Au Québec, le nombre de lésions professionnelles survenues dans les établissements résidentiels pour personnes atteintes de troubles physiques ou mentaux, ceux pour handicaps liés au développement et à la perte d’autonomie (incluant les CHSLD) et les centres de réadaptation est passé de 1155 en 2013 à 1365 en 2017.

Dans la région de la Capitale-Nationale, ce nombre est passé de 197 en 2013 à 353 en 2017, selon les données fournies au Soleil par la Commission des normes, de l’équité, de la santé et de la sécurité du travail (CNESST), qui n’était pas en mesure d’isoler les données concernant les lésions survenues précisément dans les résidences à assistance continue (RAC). 

On sait toutefois que dans la Capitale-Nationale, sur les 31 visites d’inspection effectuées par la CNESST entre 2013 et 2017 dans les trois types d’établissements nommés plus haut, une proportion importante, soit 21, concernaient des RAC. 

«De façon générale, les interventions de la CNESST sont réalisées de façon planifiée, en fonction des risques identifiés. Les inspecteurs interviennent aussi à la suite de plaintes, d’accidents du travail ou de droit de refus, lesquels peuvent nous être adressés pour divers motifs touchant la santé et la sécurité du travail», explique une porte-parole, Geneviève Trudel. 

Risque «élevé»

La CNESST a confirmé au Soleil que les RAC sont considérées à risque «élevé» de lésions professionnelles.

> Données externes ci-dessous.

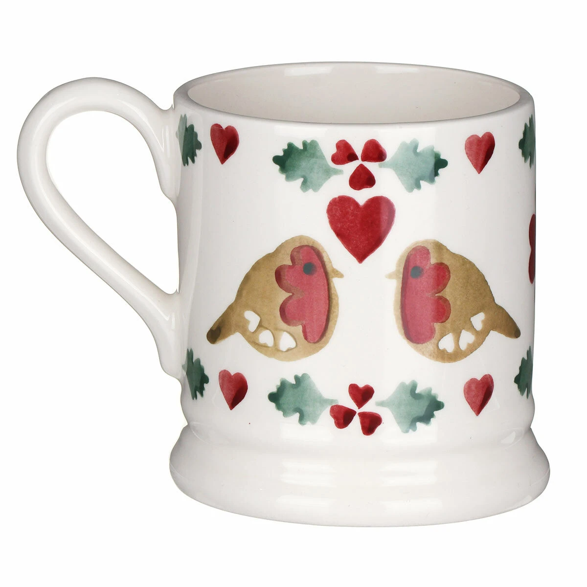 This beautiful half pint mug from Emma Bridgewater is decorated with the Christmas Joy design in red, brown, and green. Decorated with a pair of red breasted robin and a leaf motif which repeats around the rim, top and bottom, spaced with red hearts creating a festive border.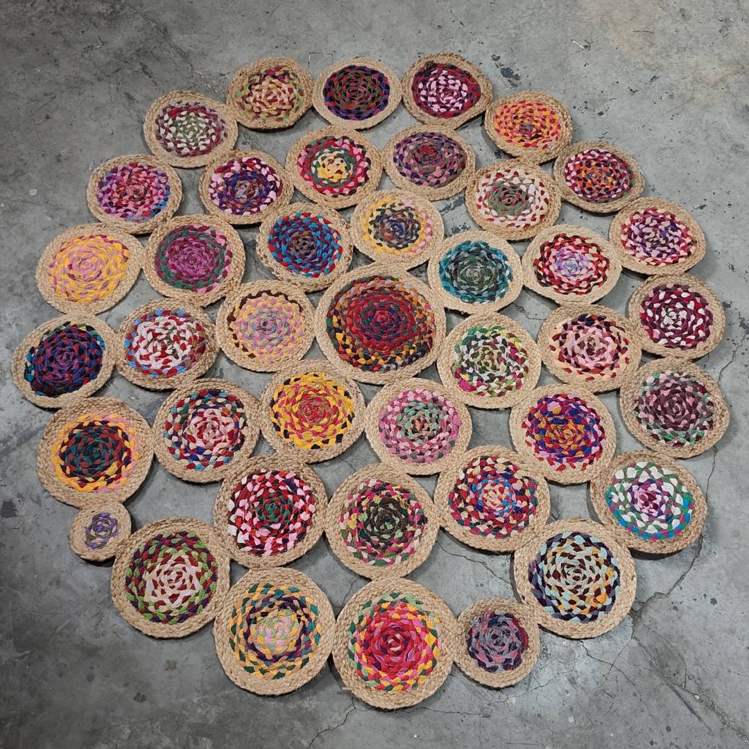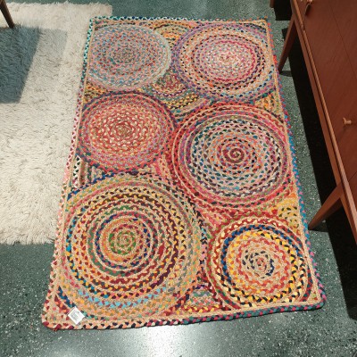 冥想毯瑜伽毯印度黄麻手工编织圆形棉布地毯130*130cm

Dans la planification pluriannuelle en prévention-inspection 2017-2019 de la CNESST, le secteur «soins de santé et assistance sociale» est l’un des secteurs «priorisés» en raison du risque important de lésions professionnelles, mentionne la porte-parole.

Selon les statistiques d’accidents de travail avec ou sans arrêt de travail ayant pour cause une agression survenue dans une installation du CRDI de Québec présentées au comité conjoint de prévention des agressions du CIUSSS de la Capitale-Nationale, il y a eu entre le 1er avril 2017 et le 31 mars 2018 542 événements déclarés, contre 437 pour la même période l’année précédente. Dans la majorité des cas (55 %), la personne a été frappée. Les égratignures, les morsures et les «cheveux tirés» représentent 32 % des agressions.